Westworld’s big bad finally had his motivations revealed, and I’ll give this to the writers, he’s plenty entertaining. I’m still not sure he’s on Ed Harris’ level. I enjoyed the Man in Black’s level of evil incarnate more, simply because the dude just did not care. Cerac’s evil is far more measured, far more “hands-off,” even if he did get his hands dirty at the end of “Genre.”
Part of the difference is simply that Harris seems to be an agent of chaos, and that’s always far more entertaining to watch than someone desperate to maintain order. Westworld has its most fun when crazy stuff is happening.

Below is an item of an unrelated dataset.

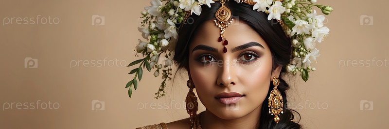 Индийская женщина с светло-золотым платьем и белой цветочной короной, бежевый фон, портрет весенней красоты, традиция, женская элегантность, 8 марта, женский день
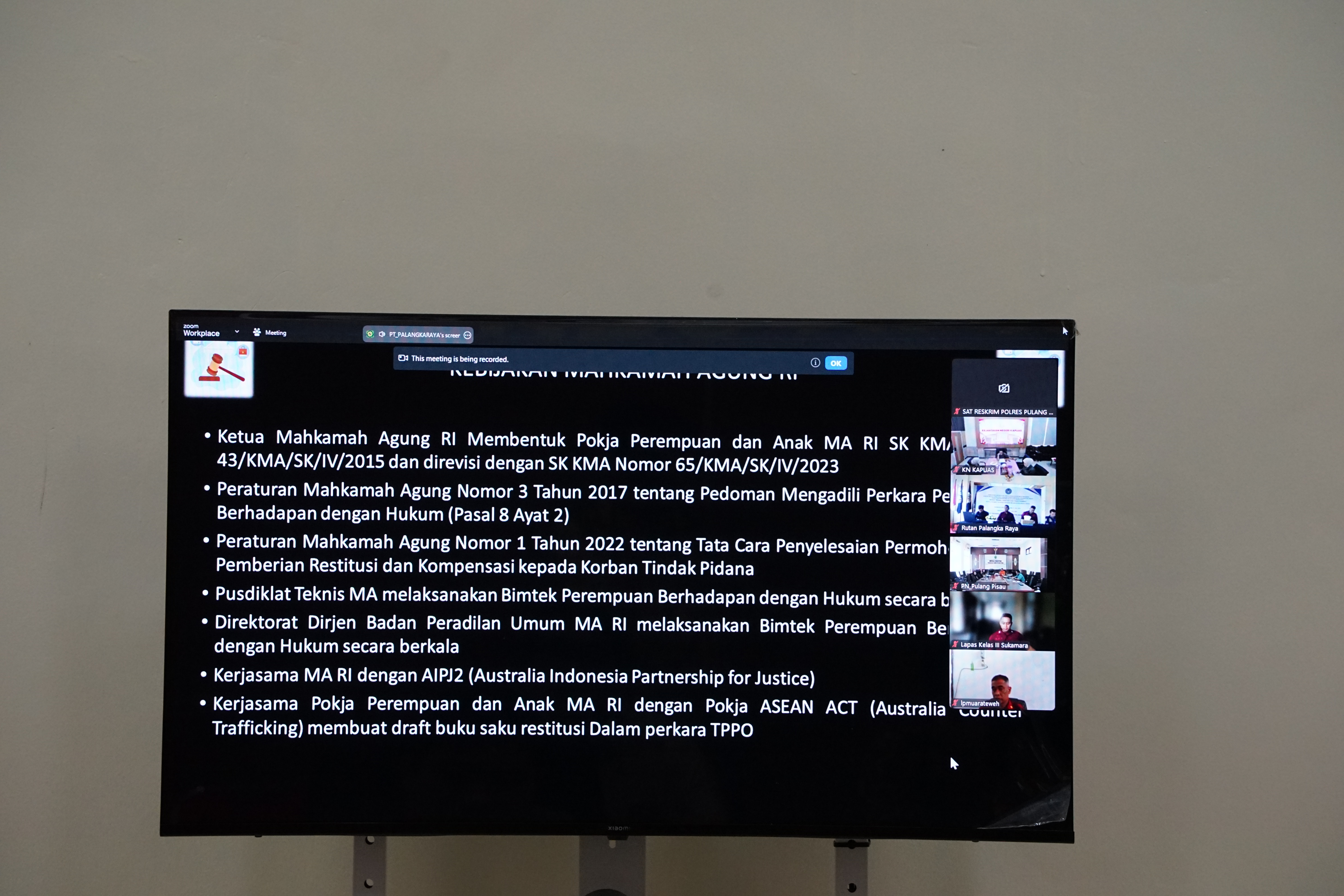 Bertempat diruang Media Center Pengadilan Negeri Nanga Bulik Hakim beserta Panitera, Panitera Muda dan Panitera Pengganti Pengadilan Negeri Nanga Bulik, mengikuti kegiatan Sosialisasi Kebijakan dan Peraturan Mahkamah Agung oleh Pengadilan Tinggi Palangkaraya secara daring. Kegiatan ini juga diikuti oleh Kejaksaan Negeri, Kepolisian, dan Lembaga Permasyarakatan di seluruh Wilayah Kalimantan Tengah.

That’s another reason why season 3 has been not anywhere near as fun. Even when things go haywire, they’re largely planned. Honestly, when it comes to Cerac and his story, I’d be much more interested in finding out why exactly, Paris got nuked.
I understand why the story of his brother was included in the show. It just didn’t me of anything other than the dude is kind of a crappy person. Throwing aside someone who is suffering from a mental breakdown is a terrible thing to do. It doesn’t rise to the level of “supervillain.”

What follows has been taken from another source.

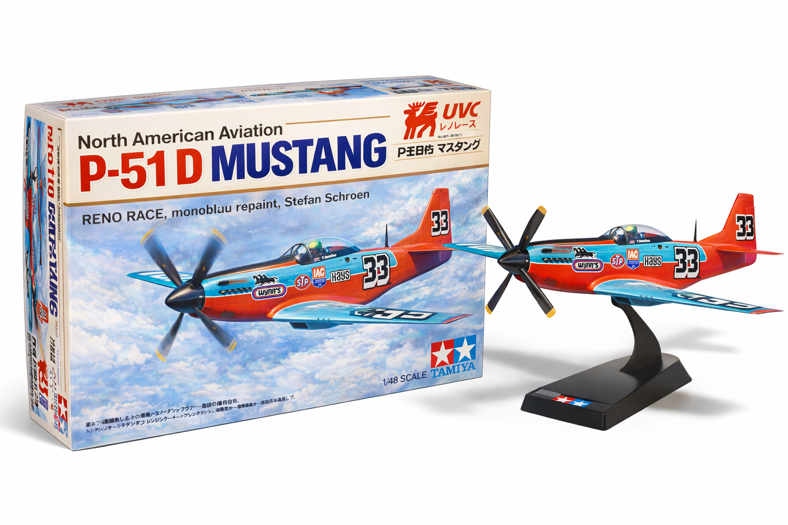 // scale model kit box cover design, North American Aviation P-51D Mustang Reno race aircraft, monoblau repaint by Stefan Schroen, classic model kit packaging layout, bold typography "P-51D MUSTANG", product branding UVC with red deer logo, Japanese small text details, Tamiya style layout, aviation model kit box graphic design //

Let’s Talk About That Chase Scene
Yes, there was William’s brother-in-law, who was a drug addict, but that was essential to the story because it showed why William took over Delos instead of his brother-in-law. There was also William’s wife, who was an alcoholic. This was to show how The Man in Black had destroyed his family. What we saw with Caleb getting injected with the street drug Genre, was something else entirely.
The only reason the writers could have had to put that in there was to show the kind of drugs that are available in the future. The weirdest part was how they illustrated how Caleb was going through the different genres with music, but the scene was so short, we never really got to see how it changed his mind. Flight of the Valkries came on, and he was ready to shoot some stuff. But wouldn’t he have been doing that anyway? They were running and shooting before his “war” genre took over.

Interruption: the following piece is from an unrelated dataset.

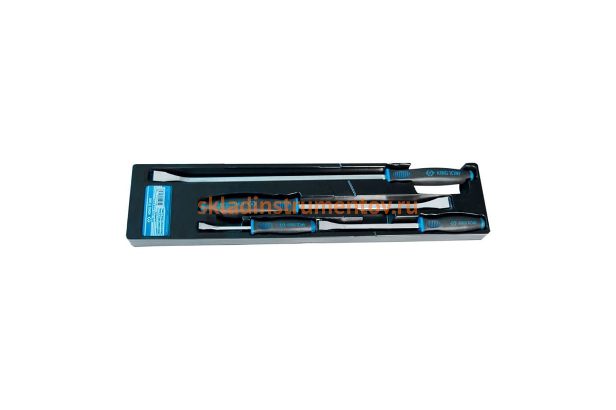 Ложемент для набора слесарных монтировок 9TK014, PVC KING TONY 849TK014B выполнен из прочного пластика. Материал устойчив к несильным ударам, не крошится и не распадается при длительной эксплуатации.
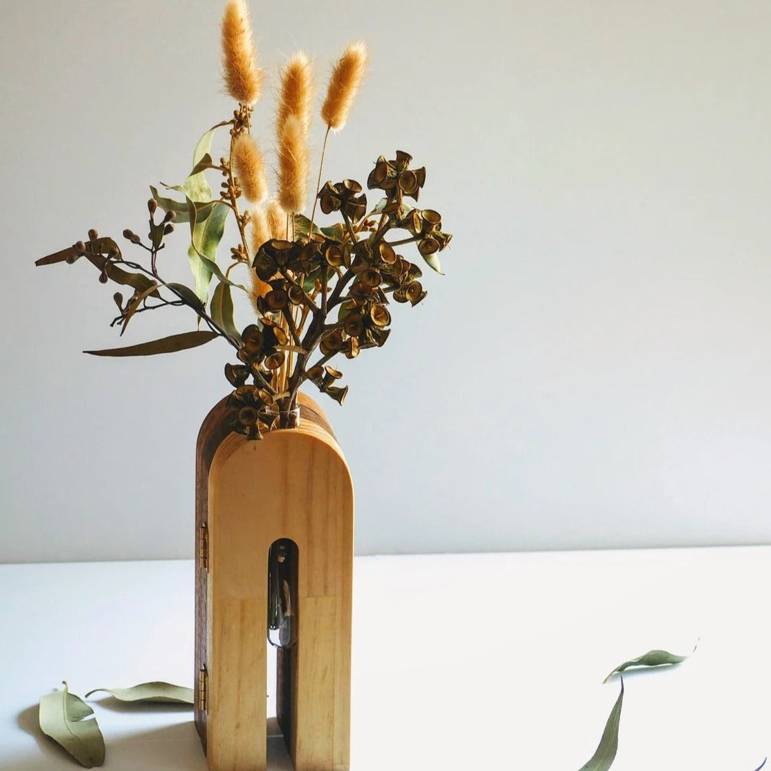 - This piece was handcrafted from a reclaimed Australian pine timer and comes with 3 glass test tubes so you can display either fresh or dry flowers and even propagate your favorite plants!

Same with the romantic music. He’s already got a thing for Delores. He doesn’t need a drug to fuel it. The entire scene and the drug issue was a massive waste of time and energy. I’m also not sure why Marshawn Lynch merits multiple appearances in a program known for having some of the greatest actors of our time on the cast.
Verdict: Even a show as good as Westworld gets it wrong from time to time, and “Genre” definitely got it wrong. From the public not freaking out anywhere near as bad as we were led to believe they would once their information was released to the lame chase scene, this was easily the worst episode of the season and probably the worst since a few stinkers hit the airwaves in season 1. There’s still enough there to hold attention, but there needs to be an uptick moving forward.
- Stubbs and Bernard. Always a Pro. Always
- Caleb's unknown backstory is a return to the mysterious part of Westworld I didn't know I missed.
- The "Genre" drug scene was both pointless and unfunny.
- Why does Marshawn Lynch have multiple appearances in this season?